The presence of Caucasian models in Indian advertisements has grown in the past three years, industry analysts say. The trend reflects deep cultural preferences for fair skin in this predominantly brown-skinned nation of more than 1 billion people.
This may seem the logical conclusion to Indians, who are all too familiar with skin-color description tags on bachelorettes (‘wheatish’, ‘dusky’), fair-skinned Bollywood stars (men and women) and skin-lightening products like Fair and Lovely.

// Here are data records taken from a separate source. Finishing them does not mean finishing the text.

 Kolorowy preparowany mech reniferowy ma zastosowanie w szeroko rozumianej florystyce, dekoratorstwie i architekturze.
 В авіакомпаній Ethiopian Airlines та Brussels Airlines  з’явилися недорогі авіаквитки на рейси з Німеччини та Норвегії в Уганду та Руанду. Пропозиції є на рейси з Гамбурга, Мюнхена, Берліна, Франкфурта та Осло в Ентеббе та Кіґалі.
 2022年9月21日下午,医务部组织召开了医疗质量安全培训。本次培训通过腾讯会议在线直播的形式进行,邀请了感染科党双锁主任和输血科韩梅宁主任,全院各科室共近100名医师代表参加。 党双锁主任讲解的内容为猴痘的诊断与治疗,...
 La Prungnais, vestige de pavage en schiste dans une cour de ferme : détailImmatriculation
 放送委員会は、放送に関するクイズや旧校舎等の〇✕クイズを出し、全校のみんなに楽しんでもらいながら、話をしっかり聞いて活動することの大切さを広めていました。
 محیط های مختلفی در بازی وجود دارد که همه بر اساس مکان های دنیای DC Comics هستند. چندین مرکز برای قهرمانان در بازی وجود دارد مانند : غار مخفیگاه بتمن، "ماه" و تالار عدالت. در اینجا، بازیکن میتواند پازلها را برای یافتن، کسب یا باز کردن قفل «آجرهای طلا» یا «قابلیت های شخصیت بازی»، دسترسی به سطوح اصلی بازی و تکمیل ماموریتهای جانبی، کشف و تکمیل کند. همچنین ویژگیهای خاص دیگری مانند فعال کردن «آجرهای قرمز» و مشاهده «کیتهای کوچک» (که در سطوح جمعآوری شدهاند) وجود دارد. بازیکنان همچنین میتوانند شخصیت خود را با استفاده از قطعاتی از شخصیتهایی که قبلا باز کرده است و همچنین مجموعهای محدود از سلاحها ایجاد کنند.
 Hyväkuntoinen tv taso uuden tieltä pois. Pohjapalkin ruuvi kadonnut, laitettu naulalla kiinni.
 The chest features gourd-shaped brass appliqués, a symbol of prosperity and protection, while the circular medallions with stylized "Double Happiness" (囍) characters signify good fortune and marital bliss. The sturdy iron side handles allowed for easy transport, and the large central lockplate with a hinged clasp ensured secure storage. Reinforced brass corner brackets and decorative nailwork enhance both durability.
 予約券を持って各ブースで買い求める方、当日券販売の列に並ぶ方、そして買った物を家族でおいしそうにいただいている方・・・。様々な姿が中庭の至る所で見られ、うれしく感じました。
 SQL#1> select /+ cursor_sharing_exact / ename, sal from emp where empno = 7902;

European models have been drawn to Mumbai, India’s cultural capital (even as more Indian models go abroad), and advertisers prefer them because they’re often less inhibited than their Indian counterparts (and not as expensive as Western European models). There’s also the belief that ‘fair’ and ‘beautiful’ go together and the perception that brands with international faces are of better quality and therefore reliable. One model interviewed, Tanya Bohinc, is Slovenian and newly arrived.

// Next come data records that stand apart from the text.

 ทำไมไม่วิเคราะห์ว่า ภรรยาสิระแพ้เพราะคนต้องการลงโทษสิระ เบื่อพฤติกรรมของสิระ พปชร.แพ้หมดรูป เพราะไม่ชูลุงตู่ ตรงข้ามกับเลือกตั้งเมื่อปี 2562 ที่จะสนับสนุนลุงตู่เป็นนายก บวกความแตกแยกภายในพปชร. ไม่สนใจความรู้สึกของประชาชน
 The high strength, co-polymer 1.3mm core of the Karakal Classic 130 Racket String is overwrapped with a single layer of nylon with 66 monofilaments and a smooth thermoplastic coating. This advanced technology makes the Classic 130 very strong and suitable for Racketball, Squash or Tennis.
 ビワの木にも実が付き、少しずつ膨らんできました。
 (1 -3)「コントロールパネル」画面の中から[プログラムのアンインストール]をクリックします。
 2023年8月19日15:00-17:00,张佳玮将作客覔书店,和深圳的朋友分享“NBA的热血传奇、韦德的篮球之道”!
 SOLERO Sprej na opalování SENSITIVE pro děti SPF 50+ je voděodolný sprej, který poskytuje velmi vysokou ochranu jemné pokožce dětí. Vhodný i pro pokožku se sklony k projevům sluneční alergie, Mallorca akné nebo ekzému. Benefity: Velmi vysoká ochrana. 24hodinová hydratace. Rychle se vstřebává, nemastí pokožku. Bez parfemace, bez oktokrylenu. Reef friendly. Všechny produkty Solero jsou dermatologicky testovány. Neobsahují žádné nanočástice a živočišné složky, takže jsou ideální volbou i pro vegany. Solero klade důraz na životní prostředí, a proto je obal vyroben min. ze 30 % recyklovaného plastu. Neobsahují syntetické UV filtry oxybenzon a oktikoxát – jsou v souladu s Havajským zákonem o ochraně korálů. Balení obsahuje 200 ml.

“I can sense the local fascination for my skin color here,” said Bohinc, who has modeled in seven countries. “I think it has to do with the fact that the British ruled India for so long.” Bohinc said she’s been trying out for small roles in Bollywood films and learning Hindi lines. A growing number of Bollywood film choreographers are now hiring white dancers in song-and-dance scenes.
The Indian editions of fashion magazines like Cosmopolitan, Elle, Marie Claire and Vogue regularly feature fair-skinned, international (or international looking) faces in their spreads. The fashion features editor of Vogue’s Indian edition, Bandana Tiwari says,
“When we put the white model in Indian clothes, it is a cultural exchange. It shows India’s economic self-confidence. Of course, it also caters to the general feeling that ‘fair’ and ‘beautiful’ go together. For a rickshaw-puller who earns $2 a day, seeing a fair-skinned woman is an escape, a fantasy.”

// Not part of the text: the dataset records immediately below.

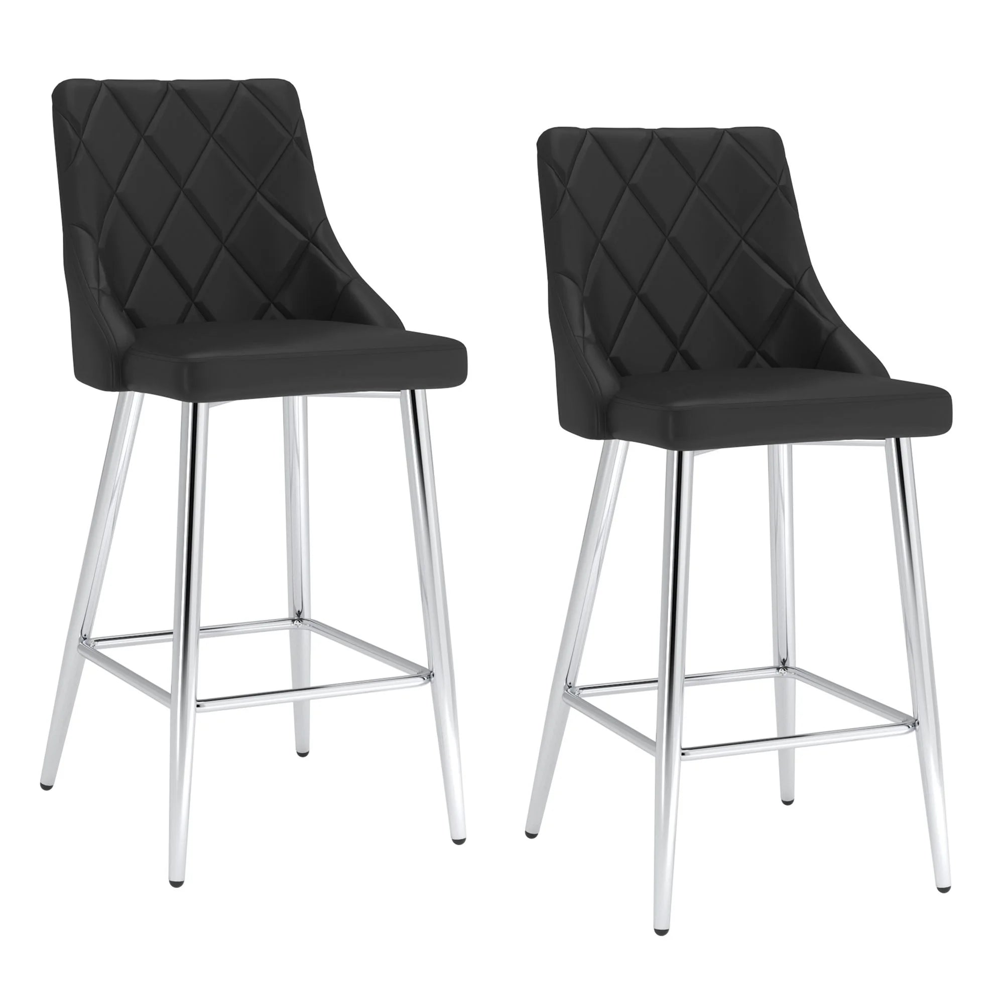 Devo Black Faux Leather Counter Stools With Chrome Legs – Set of 2
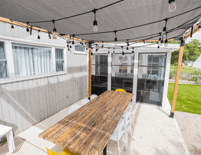Upscale firepit with built-in smoke reduction to create a smoke "less" experience. Dine outside on the 12 foot long table and under twinkle lights at night.
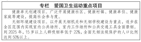 到2025年,全区“共建共享,全民健康,服务优质可及,保障高效有力”的高质量卫生健康发展格局初步形成。“健康融入所有ld体育中国官方网站”理念得到深入贯彻,健康生活方式得到普及,健康服务模式和结构实现有效转变;预防为主的方针得到全面落实,公共卫生体系不断壮大,突发公共卫生事件应对能力显著提升;卫生健康治理体系能力适应现代化需求。人民身心健康素质明显提高,人均预期寿命在2020年基础上提高0.5岁,婴儿死亡率、孕产妇死亡率、5岁以下儿童死亡率逐步降低,居民主要健康指标优于全国平均水平。
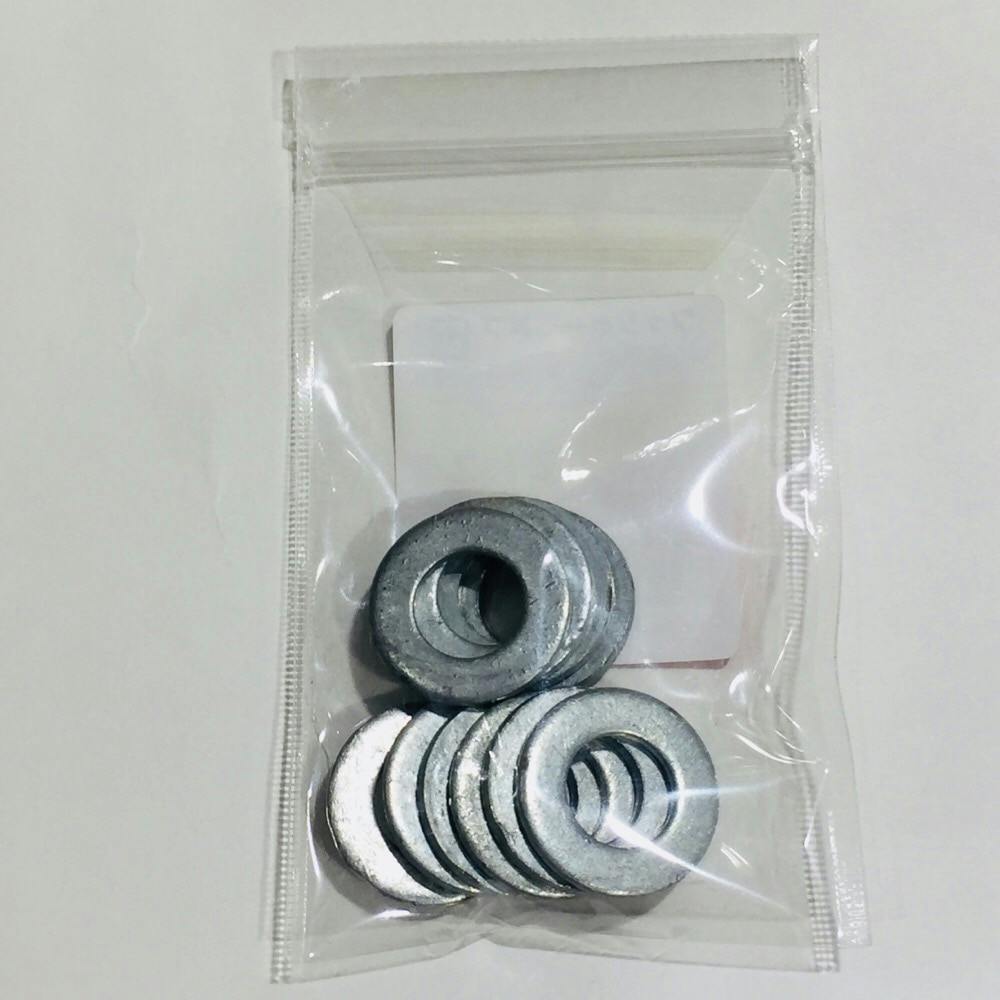 JIS規格の平座金です。呼び径は使用するおねじの径でワッシャーの内径は若干大きめの穴が開いています。材質は鋼で耐食性向上のため、溶融亜鉛めっき(白っぽい色合い)がしてあります。

Earlier this year, in The New York Times, Heather Timmons wrote that skin-whitening products are the most popular product in India’s fast-growing skin care market. International brands like Avon, L’Oréal, Ponds, Garnier, the Body Shop and Jolen are also selling lightening products and all of them face stiff resistance from the local giant, Fair and Lovely, a Unilever product that was launched in 1978. According to the article, about 65% of all women use these fairness products.
India is hardly alone in its pursuit of “fairness.” Korea, Japan and China are big markets for skin-whitening products. And the United States is not exempt. Ebony magazine ran similar ads relating to full-face “skin brightening” or “skin whitening” creams aiming at African-American consumers through the 1950s and 1960s, said Jeanine Collins, communications director for Ebony. Those ads changed their message during the 1970s and 1980s to talk about removing spots or blemishes, she said.